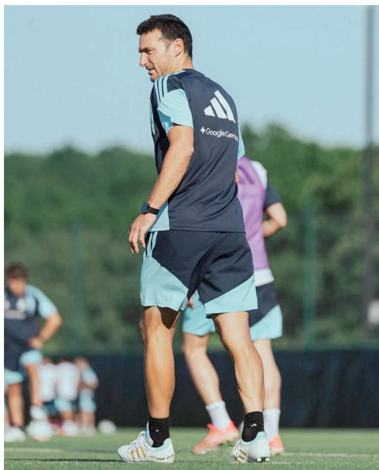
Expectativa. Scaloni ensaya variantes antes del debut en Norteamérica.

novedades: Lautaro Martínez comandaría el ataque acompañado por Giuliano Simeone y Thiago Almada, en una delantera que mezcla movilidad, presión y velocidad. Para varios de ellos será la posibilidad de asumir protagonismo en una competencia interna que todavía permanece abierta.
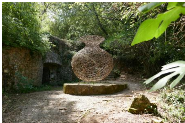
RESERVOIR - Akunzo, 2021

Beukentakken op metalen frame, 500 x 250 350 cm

==

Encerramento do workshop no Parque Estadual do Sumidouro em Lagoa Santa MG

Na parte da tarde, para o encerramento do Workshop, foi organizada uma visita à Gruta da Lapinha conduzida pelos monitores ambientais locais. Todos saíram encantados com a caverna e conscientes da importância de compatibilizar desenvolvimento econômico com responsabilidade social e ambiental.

WHAT YOU NEED TO DO:
Every line above from the one with "novedades: Lautaro Martínez" down to the one with "Beukentakken op metalen" must be written out exactly, and no picture may appear.

ANSWER FOR THE TASK:
novedades: Lautaro Martínez comandaría el ataque acompañado por Giuliano Simeone y Thiago Almada, en una delantera que mezcla movilidad, presión y velocidad. Para varios de ellos será la posibilidad de asumir protagonismo en una competencia interna que todavía permanece abierta.
RESERVOIR - Akunzo, 2021

Beukentakken op metalen frame, 500 x 250 350 cm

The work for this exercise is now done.